The code snippet below illustrates an inclusive prefix max scan of 128 integer items that are partitioned across 128 threads.

#include <cub/cub.cuh>   // or equivalently <cub/block/block_scan.cuh>

__global__ void ExampleKernel(...)
{
    // Specialize BlockScan for a 1D block of 128 threads of type int
    using BlockScan = cub::BlockScan<int, 128>;

    // Allocate shared memory for BlockScan
    __shared__ typename BlockScan::TempStorage temp_storage;

    // Obtain input item for each thread
    int thread_data;
    ...

    // Collectively compute the block-wide inclusive prefix max scan
    BlockScan(temp_storage).InclusiveScan(thread_data, thread_data, cuda::maximum<>{});

Suppose the set of input thread_data across the block of threads is 0, -1, 2, -3, ..., 126, -127. The corresponding output thread_data in those threads will be 0, 0, 2, 2, ..., 126, 126.

Template Parameters

ScanOp[inferred] Binary scan functor type having member T operator()(const T &a, const T &b)

Parameters
  • input[in] Calling thread’s input item

  • output[out] Calling thread’s output item (may be aliased to input)

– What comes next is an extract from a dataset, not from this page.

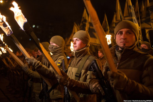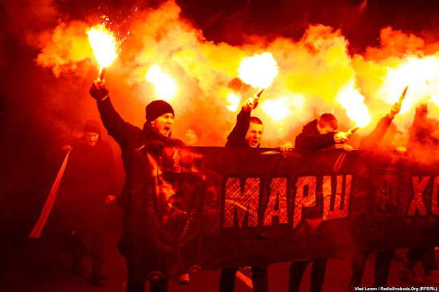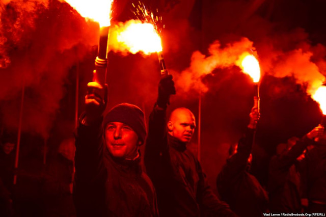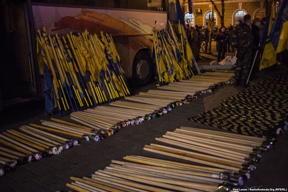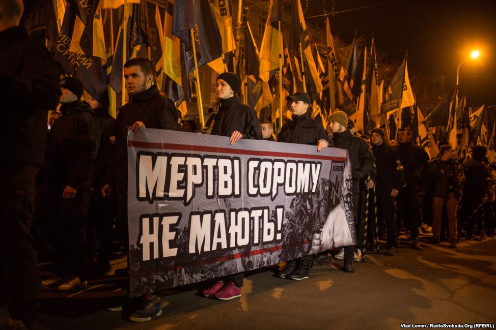 Організували захід бійці та активісти полку «Азов». Почався він із маршу «Іду на Ви!», в якому взяли участь декілька тисяч людей. Із смолоскипами в руках вони пройшлися від драматичного театру в бік площі Свободи (раніше площа Леніна) до встановленого монумента.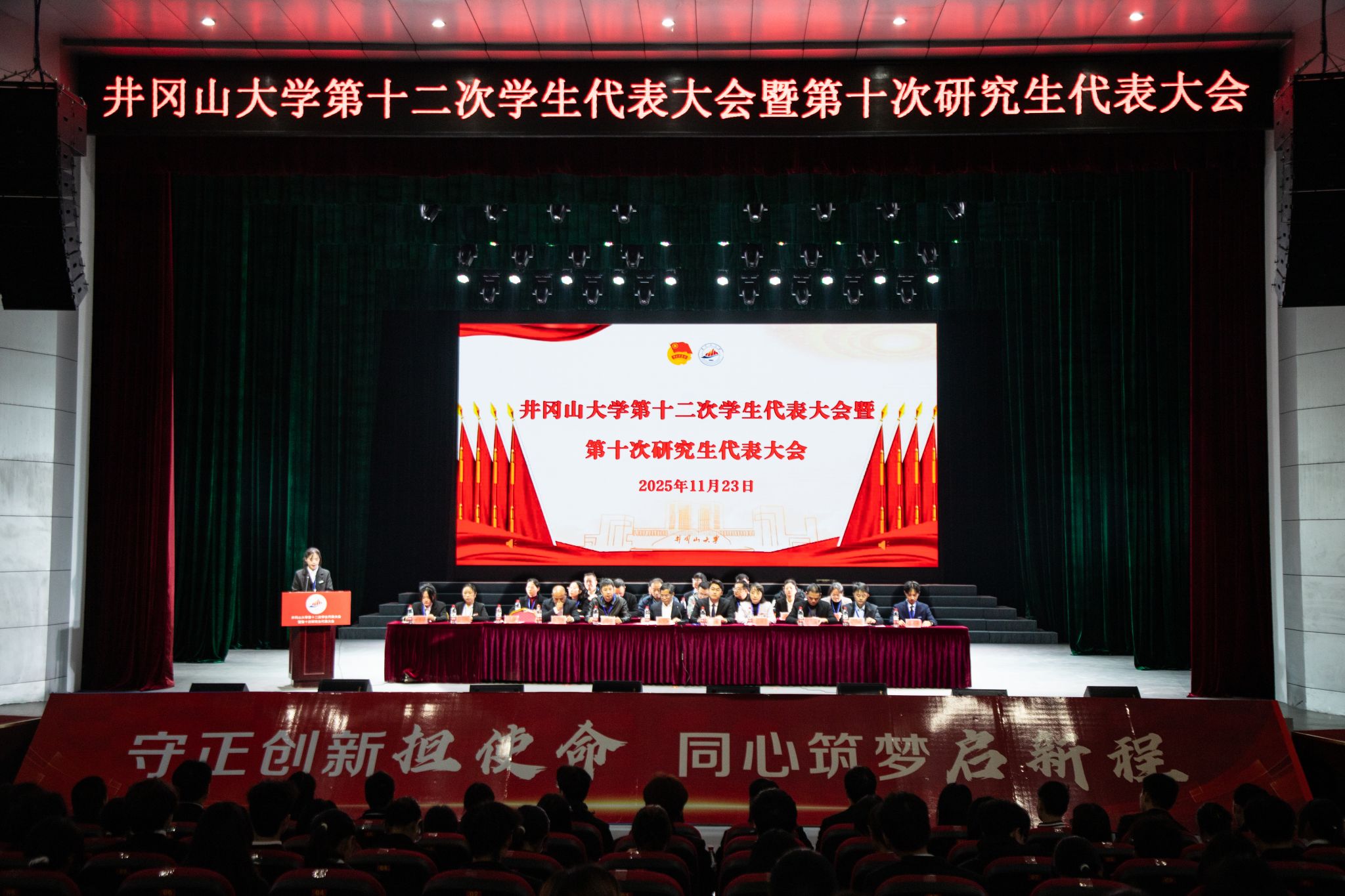 11月22日-23日,学校第十二次学生代表大会暨第十次研究生代表大会在学生会堂顺利召开,校党委副书记肖宜安出席开幕式并讲话,江西省学生联合会驻会执行主席颜润致辞,校团委书记郭敏娜致开幕词,兄弟院校代表江西农业大学学生会执行主席付乐洋致贺词,党委宣传部、校团委、教务处、研究生工作部、人事处、学生工作部、保卫处等部门负责人,江西农业大学和赣南师范大学等兄弟院校学生会代表,各学院分管学生工作的党委领导、团委负责人以及全体学代会、研代会代表参加会议。

  • scan_op[in] Binary scan functor

template<typename ScanOp>
inline void InclusiveScan(T input, T &output, ScanOp scan_op, T &block_aggregate)

Computes an inclusive block-wide prefix scan using the specified binary scan_op functor. Each thread contributes one input element. Also provides every thread with the block-wide block_aggregate of all inputs.

  • Supports non-commutative scan operators.

  • For multi-dimensional blocks, threads are linearly ranked in row-major order.

  • A subsequent __syncthreads() threadblock barrier should be invoked after calling this method if the collective’s temporary storage (e.g., temp_storage) is to be reused or repurposed.

Snippet

The code snippet below illustrates an inclusive prefix max scan of 128 integer items that are partitioned across 128 threads.

#include <cub/cub.cuh>   // or equivalently <cub/block/block_scan.cuh>

__global__ void ExampleKernel(...)
{
    // Specialize BlockScan for a 1D block of 128 threads of type int
    using BlockScan = cub::BlockScan<int, 128>;

    // Allocate shared memory for BlockScan
    __shared__ typename BlockScan::TempStorage temp_storage;

    // Obtain input item for each thread
    int thread_data;
    ...

    // Collectively compute the block-wide inclusive prefix max scan
    int block_aggregate;
    BlockScan(temp_storage).InclusiveScan(thread_data, thread_data, cuda::maximum<>{}, block_aggregate);

Suppose the set of input thread_data across the block of threads is 0, -1, 2, -3, ..., 126, -127. The corresponding output thread_data in those threads will be 0, 0, 2, 2, ..., 126, 126. Furthermore the value 126 will be stored in block_aggregate for all threads.

Template Parameters

ScanOp[inferred] Binary scan functor type having member T operator()(const T &a, const T &b)

Parameters
  • input[in] Calling thread’s input item

  • output[out] Calling thread’s output item (may be aliased to input)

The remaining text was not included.